Supplied material

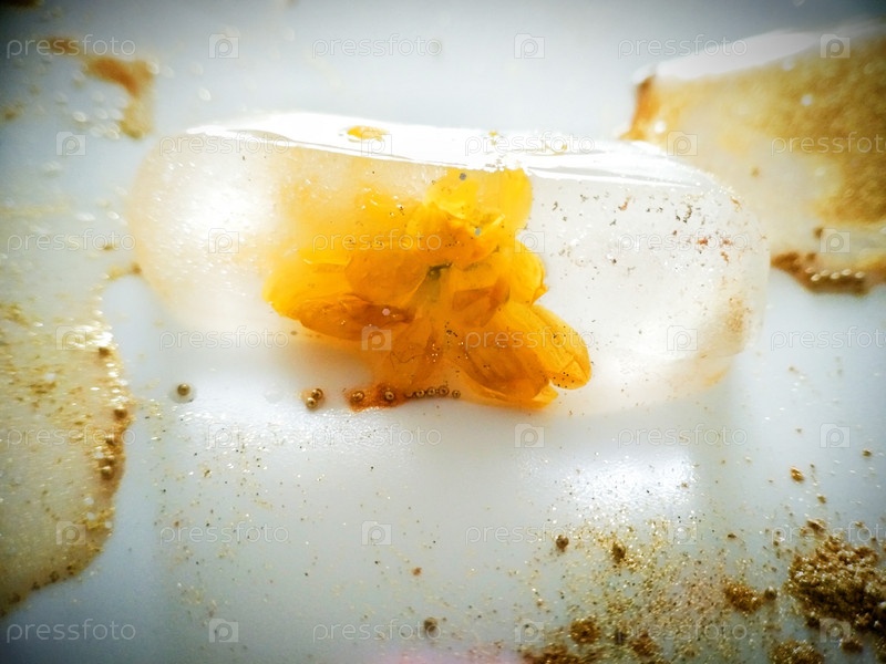 Макросъемка желтого бутона садового цветка во льду с золотистыми бусинками на белом фоне
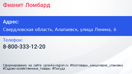 Фианит-Ломбард по адресу Свердловская область, Алапаевск, улица Ленина, 6 в дальнейшем Организация, размещена в следующих категориях:
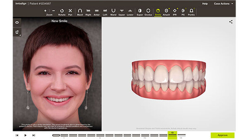 Aligns unternehmenseigene ClinCheck Software für die individuelle Behandlungsplanung bietet Anwendern 3D-Bilder der geplanten Zahnbewegungen während der gesamten Behandlungsdauer. Mit dem Visualisierungstool können Ärzte eine überzeugende klinische Visualisierung der Zahnstellung im Bild des Patientengesichts erstellen. Ärzte können die Darstellung dann als Leitfaden in Patientensprechstunden nutzen, um diese aufzuklären, die Vorteile der Zahnkorrektur aufzuzeigen und die Invisalign Clear Aligner Behandlungsoption für den einzelnen Patienten zu visualisieren und zu diskutieren.

Task details
Restate word for word the lines starting at the one that contains "Фианит-Ломбард по адресу" and ending at the last line of the data. Skip every picture.

Completed exercise
 Фианит-Ломбард по адресу Свердловская область, Алапаевск, улица Ленина, 6 в дальнейшем Организация, размещена в следующих категориях:
 Aligns unternehmenseigene ClinCheck Software für die individuelle Behandlungsplanung bietet Anwendern 3D-Bilder der geplanten Zahnbewegungen während der gesamten Behandlungsdauer. Mit dem Visualisierungstool können Ärzte eine überzeugende klinische Visualisierung der Zahnstellung im Bild des Patientengesichts erstellen. Ärzte können die Darstellung dann als Leitfaden in Patientensprechstunden nutzen, um diese aufzuklären, die Vorteile der Zahnkorrektur aufzuzeigen und die Invisalign Clear Aligner Behandlungsoption für den einzelnen Patienten zu visualisieren und zu diskutieren.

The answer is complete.